→ **AIM OF THE TASK**: What is needed is an exact copy of the listing, with no pictures in it.
[SUPPLIED MATERIAL Boundary: Start]
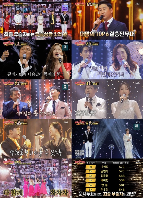 먼저 집계된 트롯신 점수에서는 '1등의 사나이' 나상도가 1위를 차지했다. 그러나 문자 투표로 모든 것이 뒤바뀔 수 있는 상황이었기에 참가자들 모두 떨리는 마음으로 결과를 기다렸다.
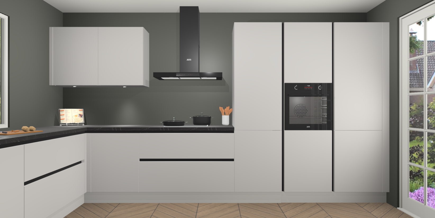 Heeft u nog apparatuur nodig? Geen probleem: de Zijdegrijze greeploze keuken Debrecen bevat vijf ingebouwde apparaten - een oven, inductiekookplaat, afzuigkap, vaatwasser en koelkast - die gemakkelijk kunnen worden bijgewerkt naar AEG na bestelling. En als dat nog niet genoeg is; onze kasten worden pre-geassembleerd geleverd en zijn verkrijgbaar tegen een vastgeroeste lage prijs! U hoeft nooit meer te zoeken naar goede kwaliteit en service want onze producten hebben echt Duitse kwaliteit.
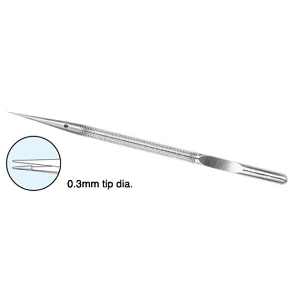Satellight Forceps, 15cm long, Round Handle 8mm diameter, counter balanced, Straight Tip 0.3mm diameter
[SUPPLIED MATERIAL Boundary: End]
→ **WRITTEN RESPONSE**:
 먼저 집계된 트롯신 점수에서는 '1등의 사나이' 나상도가 1위를 차지했다. 그러나 문자 투표로 모든 것이 뒤바뀔 수 있는 상황이었기에 참가자들 모두 떨리는 마음으로 결과를 기다렸다.
 Heeft u nog apparatuur nodig? Geen probleem: de Zijdegrijze greeploze keuken Debrecen bevat vijf ingebouwde apparaten - een oven, inductiekookplaat, afzuigkap, vaatwasser en koelkast - die gemakkelijk kunnen worden bijgewerkt naar AEG na bestelling. En als dat nog niet genoeg is; onze kasten worden pre-geassembleerd geleverd en zijn verkrijgbaar tegen een vastgeroeste lage prijs! U hoeft nooit meer te zoeken naar goede kwaliteit en service want onze producten hebben echt Duitse kwaliteit.
Satellight Forceps, 15cm long, Round Handle 8mm diameter, counter balanced, Straight Tip 0.3mm diameter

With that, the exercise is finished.